DIRECTIONS FOR THIS TASK — Write the data below out again, exactly as each line reads.

----- AVAILABLE DATA -----

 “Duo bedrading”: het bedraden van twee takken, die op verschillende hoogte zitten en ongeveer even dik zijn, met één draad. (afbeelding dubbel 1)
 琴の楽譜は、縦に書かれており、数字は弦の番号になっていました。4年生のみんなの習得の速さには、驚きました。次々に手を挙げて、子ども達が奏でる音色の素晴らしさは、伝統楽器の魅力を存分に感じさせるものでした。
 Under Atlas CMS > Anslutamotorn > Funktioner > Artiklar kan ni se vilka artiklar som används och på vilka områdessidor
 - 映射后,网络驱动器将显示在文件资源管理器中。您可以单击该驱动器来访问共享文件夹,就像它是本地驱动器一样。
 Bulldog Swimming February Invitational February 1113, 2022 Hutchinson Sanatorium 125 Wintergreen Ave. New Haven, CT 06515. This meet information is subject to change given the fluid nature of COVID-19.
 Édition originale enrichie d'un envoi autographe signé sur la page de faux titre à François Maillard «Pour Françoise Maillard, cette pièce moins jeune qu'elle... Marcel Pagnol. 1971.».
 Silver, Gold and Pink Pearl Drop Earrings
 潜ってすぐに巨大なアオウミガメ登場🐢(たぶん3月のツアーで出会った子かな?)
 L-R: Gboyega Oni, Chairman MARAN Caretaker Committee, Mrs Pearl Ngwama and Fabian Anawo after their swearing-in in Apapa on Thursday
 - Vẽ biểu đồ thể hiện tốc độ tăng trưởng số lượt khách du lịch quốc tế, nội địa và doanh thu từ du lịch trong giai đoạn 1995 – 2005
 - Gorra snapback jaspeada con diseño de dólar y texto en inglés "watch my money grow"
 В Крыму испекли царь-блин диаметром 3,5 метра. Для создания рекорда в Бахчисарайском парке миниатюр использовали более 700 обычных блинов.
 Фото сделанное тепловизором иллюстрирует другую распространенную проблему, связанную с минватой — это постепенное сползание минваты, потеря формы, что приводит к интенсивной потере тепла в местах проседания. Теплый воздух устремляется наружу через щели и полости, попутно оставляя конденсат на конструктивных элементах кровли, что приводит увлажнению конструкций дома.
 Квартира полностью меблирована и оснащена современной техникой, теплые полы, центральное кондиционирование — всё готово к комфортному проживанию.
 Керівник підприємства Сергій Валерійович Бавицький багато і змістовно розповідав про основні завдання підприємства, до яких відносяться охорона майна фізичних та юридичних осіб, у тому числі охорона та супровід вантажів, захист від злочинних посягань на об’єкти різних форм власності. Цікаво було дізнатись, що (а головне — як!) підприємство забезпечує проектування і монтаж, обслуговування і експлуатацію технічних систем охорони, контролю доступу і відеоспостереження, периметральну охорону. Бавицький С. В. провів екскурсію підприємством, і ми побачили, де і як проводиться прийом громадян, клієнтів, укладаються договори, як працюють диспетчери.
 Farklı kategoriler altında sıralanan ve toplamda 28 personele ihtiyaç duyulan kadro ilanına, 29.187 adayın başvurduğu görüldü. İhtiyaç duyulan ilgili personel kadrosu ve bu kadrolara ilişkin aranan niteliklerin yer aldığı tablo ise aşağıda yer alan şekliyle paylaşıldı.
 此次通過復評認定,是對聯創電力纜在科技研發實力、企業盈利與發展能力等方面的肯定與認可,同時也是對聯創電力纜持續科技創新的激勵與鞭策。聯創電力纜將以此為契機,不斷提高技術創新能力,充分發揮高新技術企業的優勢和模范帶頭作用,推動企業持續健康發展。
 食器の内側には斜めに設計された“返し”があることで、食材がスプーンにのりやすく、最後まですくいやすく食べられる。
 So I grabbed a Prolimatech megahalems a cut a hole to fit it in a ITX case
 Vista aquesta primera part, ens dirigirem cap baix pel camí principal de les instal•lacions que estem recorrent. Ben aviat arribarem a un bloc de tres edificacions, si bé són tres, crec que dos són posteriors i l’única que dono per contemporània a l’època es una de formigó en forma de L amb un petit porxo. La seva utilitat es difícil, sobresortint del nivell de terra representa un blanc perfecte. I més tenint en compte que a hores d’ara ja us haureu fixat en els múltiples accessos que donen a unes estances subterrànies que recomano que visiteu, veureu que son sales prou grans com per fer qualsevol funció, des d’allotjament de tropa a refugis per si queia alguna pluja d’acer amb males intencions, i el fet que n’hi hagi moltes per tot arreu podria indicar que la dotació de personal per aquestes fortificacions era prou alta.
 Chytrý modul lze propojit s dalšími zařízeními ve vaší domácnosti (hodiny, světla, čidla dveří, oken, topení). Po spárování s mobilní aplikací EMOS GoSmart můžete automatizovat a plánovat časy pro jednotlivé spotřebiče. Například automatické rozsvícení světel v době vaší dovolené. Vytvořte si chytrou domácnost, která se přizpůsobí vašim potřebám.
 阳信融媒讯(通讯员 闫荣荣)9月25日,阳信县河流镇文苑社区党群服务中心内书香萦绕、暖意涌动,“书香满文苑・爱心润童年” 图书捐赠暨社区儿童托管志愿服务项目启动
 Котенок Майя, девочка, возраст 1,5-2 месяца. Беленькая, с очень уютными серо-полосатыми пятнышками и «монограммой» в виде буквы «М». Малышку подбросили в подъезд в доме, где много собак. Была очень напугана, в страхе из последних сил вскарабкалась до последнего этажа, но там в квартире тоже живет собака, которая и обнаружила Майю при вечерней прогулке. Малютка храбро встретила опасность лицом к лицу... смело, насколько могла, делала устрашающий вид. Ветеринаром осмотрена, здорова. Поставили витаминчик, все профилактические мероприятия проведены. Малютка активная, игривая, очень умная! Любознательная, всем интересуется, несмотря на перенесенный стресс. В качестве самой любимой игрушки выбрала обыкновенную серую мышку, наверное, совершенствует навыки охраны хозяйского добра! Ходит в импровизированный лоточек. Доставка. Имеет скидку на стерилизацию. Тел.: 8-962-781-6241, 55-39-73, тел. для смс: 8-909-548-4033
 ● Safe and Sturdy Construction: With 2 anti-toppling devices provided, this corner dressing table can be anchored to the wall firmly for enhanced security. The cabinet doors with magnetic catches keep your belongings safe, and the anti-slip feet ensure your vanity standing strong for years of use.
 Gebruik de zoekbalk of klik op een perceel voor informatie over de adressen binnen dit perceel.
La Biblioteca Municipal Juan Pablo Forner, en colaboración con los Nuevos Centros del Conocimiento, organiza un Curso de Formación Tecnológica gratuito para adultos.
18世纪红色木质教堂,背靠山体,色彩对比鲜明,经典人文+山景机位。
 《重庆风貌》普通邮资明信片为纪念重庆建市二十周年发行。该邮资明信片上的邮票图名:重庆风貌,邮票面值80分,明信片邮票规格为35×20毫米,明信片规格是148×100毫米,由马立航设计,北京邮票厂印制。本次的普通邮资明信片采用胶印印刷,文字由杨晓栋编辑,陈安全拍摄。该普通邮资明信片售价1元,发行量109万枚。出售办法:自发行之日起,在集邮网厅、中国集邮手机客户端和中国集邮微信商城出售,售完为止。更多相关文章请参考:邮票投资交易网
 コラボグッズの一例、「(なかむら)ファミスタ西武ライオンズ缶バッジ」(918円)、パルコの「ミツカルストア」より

-----

SOLUTION FOR THIS TASK —
 “Duo bedrading”: het bedraden van twee takken, die op verschillende hoogte zitten en ongeveer even dik zijn, met één draad. (afbeelding dubbel 1)
 琴の楽譜は、縦に書かれており、数字は弦の番号になっていました。4年生のみんなの習得の速さには、驚きました。次々に手を挙げて、子ども達が奏でる音色の素晴らしさは、伝統楽器の魅力を存分に感じさせるものでした。
 Under Atlas CMS > Anslutamotorn > Funktioner > Artiklar kan ni se vilka artiklar som används och på vilka områdessidor
 - 映射后,网络驱动器将显示在文件资源管理器中。您可以单击该驱动器来访问共享文件夹,就像它是本地驱动器一样。
 Bulldog Swimming February Invitational February 1113, 2022 Hutchinson Sanatorium 125 Wintergreen Ave. New Haven, CT 06515. This meet information is subject to change given the fluid nature of COVID-19.
 Édition originale enrichie d'un envoi autographe signé sur la page de faux titre à François Maillard «Pour Françoise Maillard, cette pièce moins jeune qu'elle... Marcel Pagnol. 1971.».
 Silver, Gold and Pink Pearl Drop Earrings
 潜ってすぐに巨大なアオウミガメ登場🐢(たぶん3月のツアーで出会った子かな?)
 L-R: Gboyega Oni, Chairman MARAN Caretaker Committee, Mrs Pearl Ngwama and Fabian Anawo after their swearing-in in Apapa on Thursday
 - Vẽ biểu đồ thể hiện tốc độ tăng trưởng số lượt khách du lịch quốc tế, nội địa và doanh thu từ du lịch trong giai đoạn 1995 – 2005
 - Gorra snapback jaspeada con diseño de dólar y texto en inglés "watch my money grow"
 В Крыму испекли царь-блин диаметром 3,5 метра. Для создания рекорда в Бахчисарайском парке миниатюр использовали более 700 обычных блинов.
 Фото сделанное тепловизором иллюстрирует другую распространенную проблему, связанную с минватой — это постепенное сползание минваты, потеря формы, что приводит к интенсивной потере тепла в местах проседания. Теплый воздух устремляется наружу через щели и полости, попутно оставляя конденсат на конструктивных элементах кровли, что приводит увлажнению конструкций дома.
 Квартира полностью меблирована и оснащена современной техникой, теплые полы, центральное кондиционирование — всё готово к комфортному проживанию.
 Керівник підприємства Сергій Валерійович Бавицький багато і змістовно розповідав про основні завдання підприємства, до яких відносяться охорона майна фізичних та юридичних осіб, у тому числі охорона та супровід вантажів, захист від злочинних посягань на об’єкти різних форм власності. Цікаво було дізнатись, що (а головне — як!) підприємство забезпечує проектування і монтаж, обслуговування і експлуатацію технічних систем охорони, контролю доступу і відеоспостереження, периметральну охорону. Бавицький С. В. провів екскурсію підприємством, і ми побачили, де і як проводиться прийом громадян, клієнтів, укладаються договори, як працюють диспетчери.
 Farklı kategoriler altında sıralanan ve toplamda 28 personele ihtiyaç duyulan kadro ilanına, 29.187 adayın başvurduğu görüldü. İhtiyaç duyulan ilgili personel kadrosu ve bu kadrolara ilişkin aranan niteliklerin yer aldığı tablo ise aşağıda yer alan şekliyle paylaşıldı.
 此次通過復評認定,是對聯創電力纜在科技研發實力、企業盈利與發展能力等方面的肯定與認可,同時也是對聯創電力纜持續科技創新的激勵與鞭策。聯創電力纜將以此為契機,不斷提高技術創新能力,充分發揮高新技術企業的優勢和模范帶頭作用,推動企業持續健康發展。
 食器の内側には斜めに設計された“返し”があることで、食材がスプーンにのりやすく、最後まですくいやすく食べられる。
 So I grabbed a Prolimatech megahalems a cut a hole to fit it in a ITX case
 Vista aquesta primera part, ens dirigirem cap baix pel camí principal de les instal•lacions que estem recorrent. Ben aviat arribarem a un bloc de tres edificacions, si bé són tres, crec que dos són posteriors i l’única que dono per contemporània a l’època es una de formigó en forma de L amb un petit porxo. La seva utilitat es difícil, sobresortint del nivell de terra representa un blanc perfecte. I més tenint en compte que a hores d’ara ja us haureu fixat en els múltiples accessos que donen a unes estances subterrànies que recomano que visiteu, veureu que son sales prou grans com per fer qualsevol funció, des d’allotjament de tropa a refugis per si queia alguna pluja d’acer amb males intencions, i el fet que n’hi hagi moltes per tot arreu podria indicar que la dotació de personal per aquestes fortificacions era prou alta.
 Chytrý modul lze propojit s dalšími zařízeními ve vaší domácnosti (hodiny, světla, čidla dveří, oken, topení). Po spárování s mobilní aplikací EMOS GoSmart můžete automatizovat a plánovat časy pro jednotlivé spotřebiče. Například automatické rozsvícení světel v době vaší dovolené. Vytvořte si chytrou domácnost, která se přizpůsobí vašim potřebám.
 阳信融媒讯(通讯员 闫荣荣)9月25日,阳信县河流镇文苑社区党群服务中心内书香萦绕、暖意涌动,“书香满文苑・爱心润童年” 图书捐赠暨社区儿童托管志愿服务项目启动
 Котенок Майя, девочка, возраст 1,5-2 месяца. Беленькая, с очень уютными серо-полосатыми пятнышками и «монограммой» в виде буквы «М». Малышку подбросили в подъезд в доме, где много собак. Была очень напугана, в страхе из последних сил вскарабкалась до последнего этажа, но там в квартире тоже живет собака, которая и обнаружила Майю при вечерней прогулке. Малютка храбро встретила опасность лицом к лицу... смело, насколько могла, делала устрашающий вид. Ветеринаром осмотрена, здорова. Поставили витаминчик, все профилактические мероприятия проведены. Малютка активная, игривая, очень умная! Любознательная, всем интересуется, несмотря на перенесенный стресс. В качестве самой любимой игрушки выбрала обыкновенную серую мышку, наверное, совершенствует навыки охраны хозяйского добра! Ходит в импровизированный лоточек. Доставка. Имеет скидку на стерилизацию. Тел.: 8-962-781-6241, 55-39-73, тел. для смс: 8-909-548-4033
 ● Safe and Sturdy Construction: With 2 anti-toppling devices provided, this corner dressing table can be anchored to the wall firmly for enhanced security. The cabinet doors with magnetic catches keep your belongings safe, and the anti-slip feet ensure your vanity standing strong for years of use.
 Gebruik de zoekbalk of klik op een perceel voor informatie over de adressen binnen dit perceel.
La Biblioteca Municipal Juan Pablo Forner, en colaboración con los Nuevos Centros del Conocimiento, organiza un Curso de Formación Tecnológica gratuito para adultos.
18世纪红色木质教堂,背靠山体,色彩对比鲜明,经典人文+山景机位。
 《重庆风貌》普通邮资明信片为纪念重庆建市二十周年发行。该邮资明信片上的邮票图名:重庆风貌,邮票面值80分,明信片邮票规格为35×20毫米,明信片规格是148×100毫米,由马立航设计,北京邮票厂印制。本次的普通邮资明信片采用胶印印刷,文字由杨晓栋编辑,陈安全拍摄。该普通邮资明信片售价1元,发行量109万枚。出售办法:自发行之日起,在集邮网厅、中国集邮手机客户端和中国集邮微信商城出售,售完为止。更多相关文章请参考:邮票投资交易网
 コラボグッズの一例、「(なかむら)ファミスタ西武ライオンズ缶バッジ」(918円)、パルコの「ミツカルストア」より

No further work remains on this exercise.